Extracted data entries:
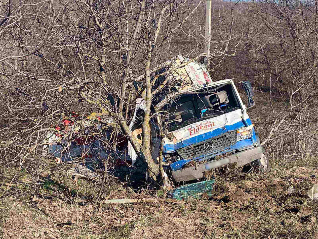 Veniți la fața locului, oamenii legii au stabilit că la volanut microbuzului se afla un bărbat de 44 de ani. Acesta ar fi ieșit pe acostament și ca urmare nu s-a isprăvit cu controlul volanului și a derapat în afara carosabilului.
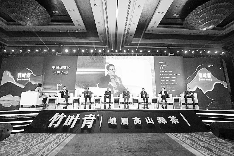 峨眉高山绿茶战略成果发布会上,陈宗懋、吴晓波、王庆等嘉宾共商“中国绿茶的世界之路”。
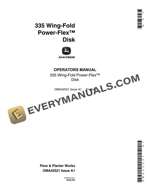 John Deere 335 Wing-Fold Power-Flex Disk Operator Manual OMA42521
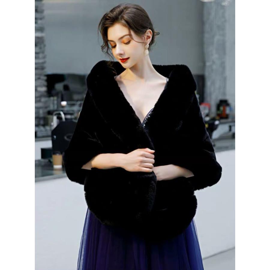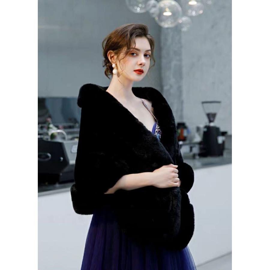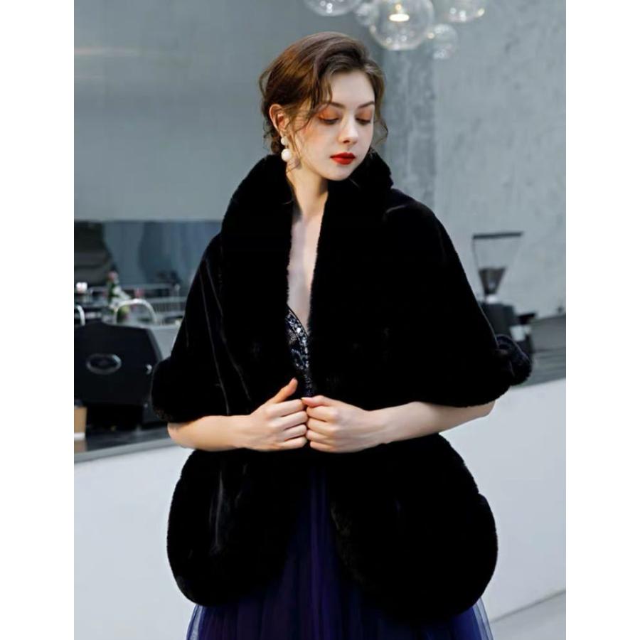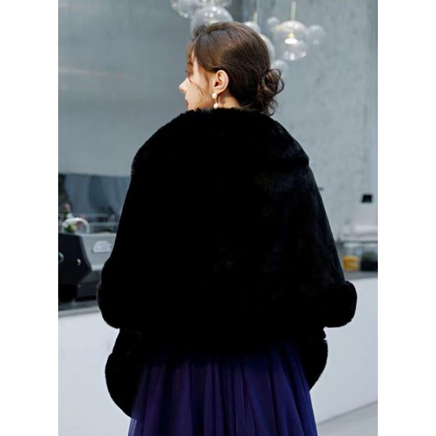 A36019 豪華肩掛け 大判ショール ファーストール 毛皮風ケープ 結婚式 ボレロ ポンチョ
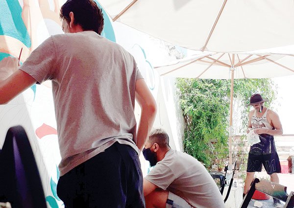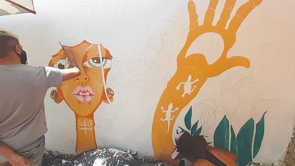 O trabalho foi realizado por uma dupla de pintores, segundo o artista Bio Marques, de Andrelândia “como artista local que fui escolhido para fazer esta obra, fico muito feliz em contribuir com o trabalho, acredito que Gilberto e eu tenhamos tido uma boa parceria, temos boas trocas, aprendi muito com ele. A propósito, a figura central do trabalho é muito interessante, Pachamama, a forma como é desenhada, suas cores fortes, luzes e traços refletem muito em sua originalidade”
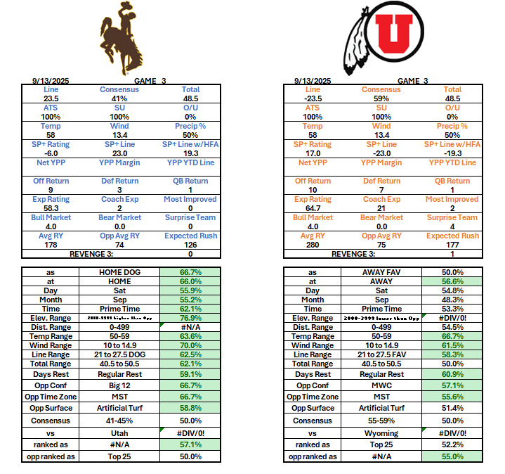 BettingCollege FootballSports mitch's pick: Wyoming more picks from Mitch... College Football Week 3 Tulane (-1.5) vs Duke – 9/13/2025 Wyoming (+23.5) vs Utah – 9/13/2025 Tulsa (+13.5) vs Navy – 9/13/2025 South Carolina (-5.5) vs Vanderbilt – 9/13/2025 Georgia Southern (-3.5) vs. Jacksonville State – 9/13/2025 Illinois (-27.5) vs Western Michigan – 9/13/2025 Florida International (-2.5) vs Florida Atlantic – 9/13/2025 North Texas (-5.5) vs Washington State – 9/13/2025 Connecticut (-10.5) at Delaware – 9/13/2025 Memphis (-5.5) at Troy – 9/13/2025 College Football Week 1 San Jose State – Central Michigan 8/30/2025 Georgia Southern – Fresno State 8/30/2025 UCLA – Utah 8/30/2025 North Carolina – TCU 9/1/2025 Florida State – Alabama 8/30/2025 La. Lafayette – Rice 8/30/2025 Colorado – Georgia Tech 8/30/2025 South Carolina – Virginia Tech 8/23/2025 Michigan – New Mexico 8/30/2025 Tulane – Northwestern 8/30/2025 Season Standings Hawaii – Stanford 8/23/2025 Western Kentucky – Sam Houston State 8-23-2025 Fresno State – Kansas 8/23/2025 Iowa State – Kansas State 8/23/2025 Wyoming (+23.5) vs Utah – 9/13/2025 game preview Previous articleTulsa (+13.5) vs Navy – 9/13/2025Next articleTulane (-1.5) vs Duke – 9/13/2025 LEAVE A REPLY Cancel reply Comment: Please enter your comment! Name:* Please enter your name here Email:* You have entered an incorrect email address! Please enter your email address here Website: Save my name, email, and website in this browser for the next time I comment. Wyoming (+23.5) vs Utah - 9/13/2025
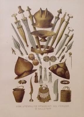 Militaria: Spade E Utensili Vari Antichi Stampa Cromolitografica Hallstatt

WHAT THE EXERCISE ASKS: Using the data above, retype exactly the lines from the line with "峨眉高山绿茶战略成果发布会上" to the line with "O trabalho foi", inclusive. No pictures and nothing else.

OUTPUT OF THE TASK:
 峨眉高山绿茶战略成果发布会上,陈宗懋、吴晓波、王庆等嘉宾共商“中国绿茶的世界之路”。
 John Deere 335 Wing-Fold Power-Flex Disk Operator Manual OMA42521
 A36019 豪華肩掛け 大判ショール ファーストール 毛皮風ケープ 結婚式 ボレロ ポンチョ
 O trabalho foi realizado por uma dupla de pintores, segundo o artista Bio Marques, de Andrelândia “como artista local que fui escolhido para fazer esta obra, fico muito feliz em contribuir com o trabalho, acredito que Gilberto e eu tenhamos tido uma boa parceria, temos boas trocas, aprendi muito com ele. A propósito, a figura central do trabalho é muito interessante, Pachamama, a forma como é desenhada, suas cores fortes, luzes e traços refletem muito em sua originalidade”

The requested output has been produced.